[Dataset records Boundary: Start]

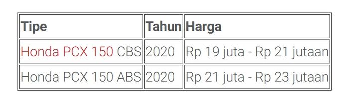 Berikut harga motor Honda PCX tahun 2020:
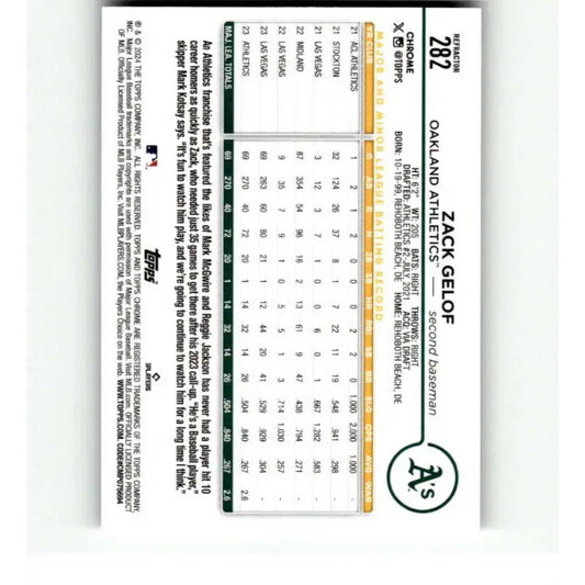 2024 Topps Chrome Refractor #282 Zack Gelof NM-MT RC Rookie Oakland Athletics Baseball Card
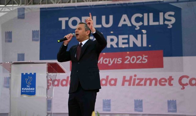 Kuşadası Belediyesi Ana Hizmet Binası önünde düzenlenen törende konuşan CHP Genel Başkanı Özel, Kuşadası Belediye Başkanı Ömer Günel tarafından yaşama geçirilen hizmet ve projelerden övgüyle söz ederek, "İşte sosyal demokrat belediyecilik, işte CHP'li belediye" dedi.
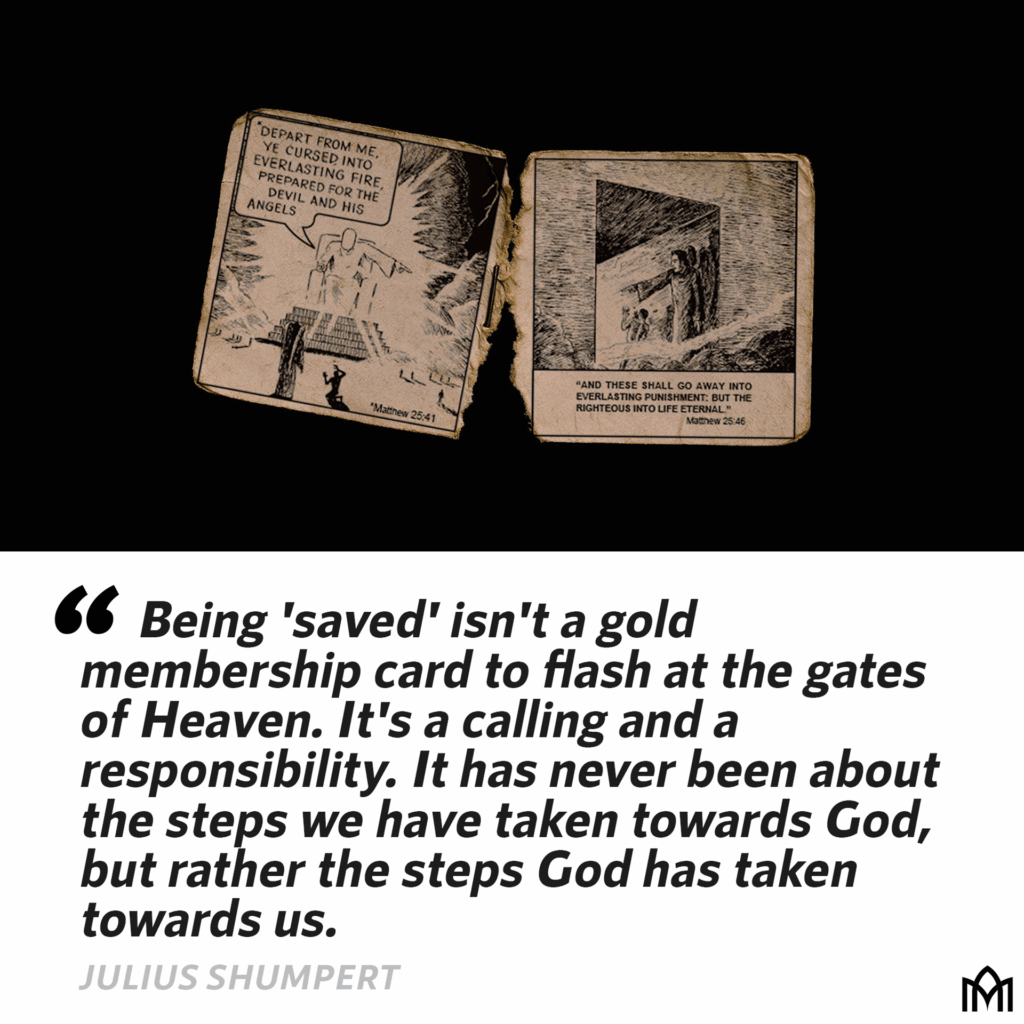 Paul writes in Colossians 1:21 that we were once “alienated… in our minds,” but now we’ve been reconciled. That reconciliation isn’t merely a status symbol. It’s an invitation. We’re invited to be part of the healing of the world. Being “saved” isn’t a gold membership card to flash at the gates of heaven. It’s a calling and a responsibility. Salvation is rooted in our ability to trust the foundation of reality itself, not on our own strength or will-power. It has never been about the steps we have taken towards God, but rather the steps God has taken towards us.
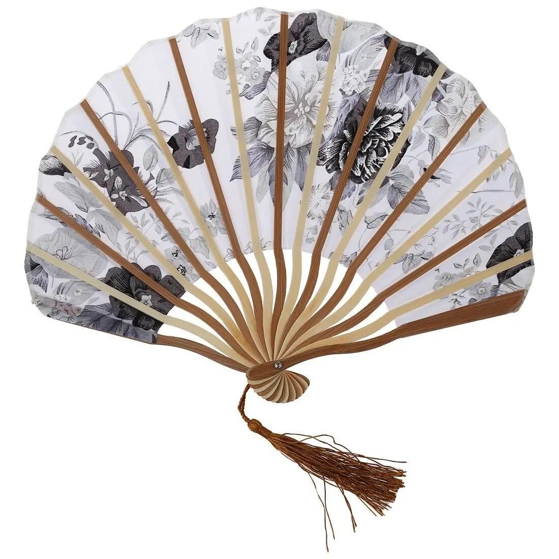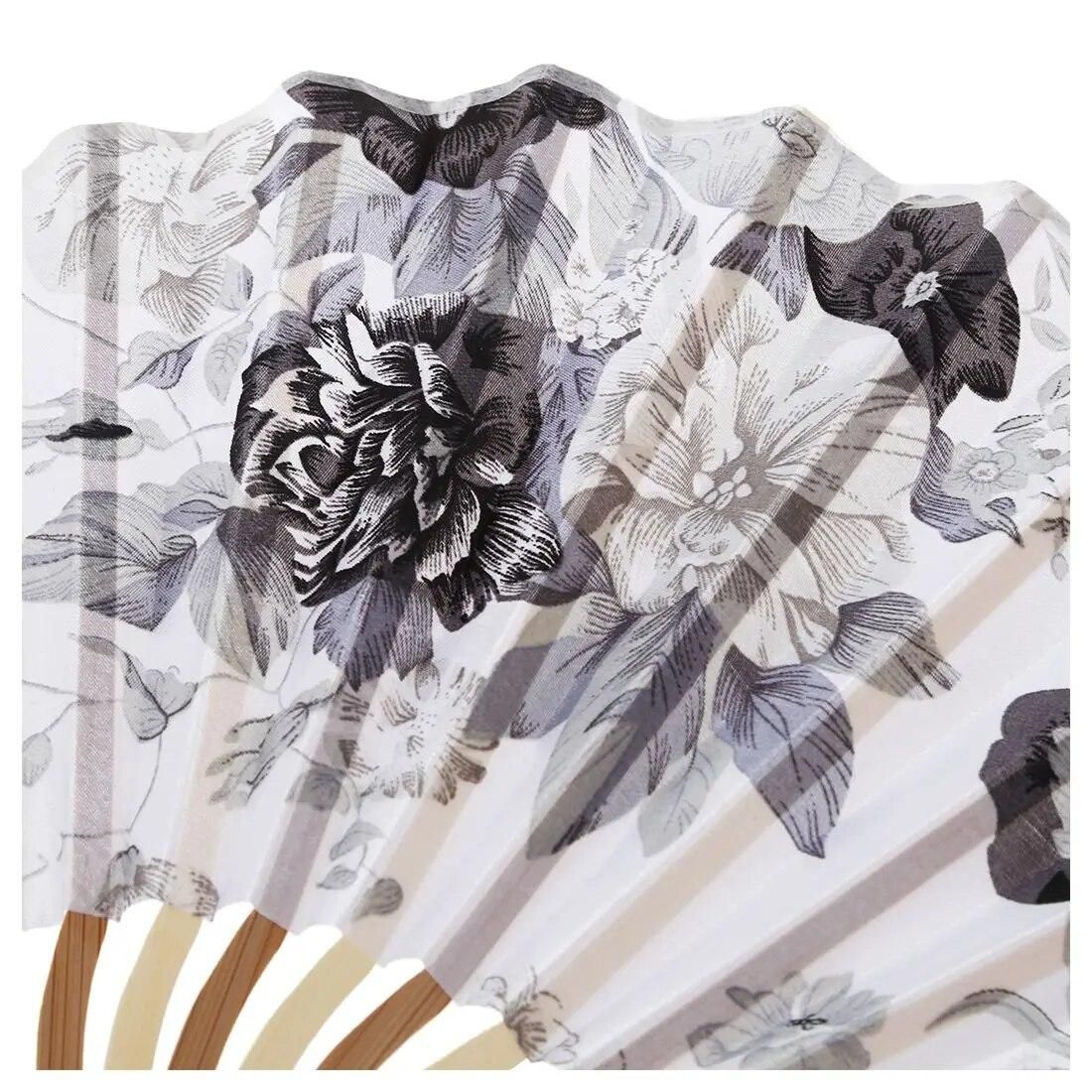 Buy Hot Sale Chinese Gray Peony Blossom Fabric Bamboo Folding Dancing Hand Fan White in Nigeria

[Dataset records Boundary: End]

=== The problem ===
Only exact repeats of the lines from the one containing "2024 Topps Chrome" through the end of the listing above are wanted here; pictures are not.

=== Exercise response ===
 2024 Topps Chrome Refractor #282 Zack Gelof NM-MT RC Rookie Oakland Athletics Baseball Card
 Kuşadası Belediyesi Ana Hizmet Binası önünde düzenlenen törende konuşan CHP Genel Başkanı Özel, Kuşadası Belediye Başkanı Ömer Günel tarafından yaşama geçirilen hizmet ve projelerden övgüyle söz ederek, "İşte sosyal demokrat belediyecilik, işte CHP'li belediye" dedi.
 Paul writes in Colossians 1:21 that we were once “alienated… in our minds,” but now we’ve been reconciled. That reconciliation isn’t merely a status symbol. It’s an invitation. We’re invited to be part of the healing of the world. Being “saved” isn’t a gold membership card to flash at the gates of heaven. It’s a calling and a responsibility. Salvation is rooted in our ability to trust the foundation of reality itself, not on our own strength or will-power. It has never been about the steps we have taken towards God, but rather the steps God has taken towards us.
 Buy Hot Sale Chinese Gray Peony Blossom Fabric Bamboo Folding Dancing Hand Fan White in Nigeria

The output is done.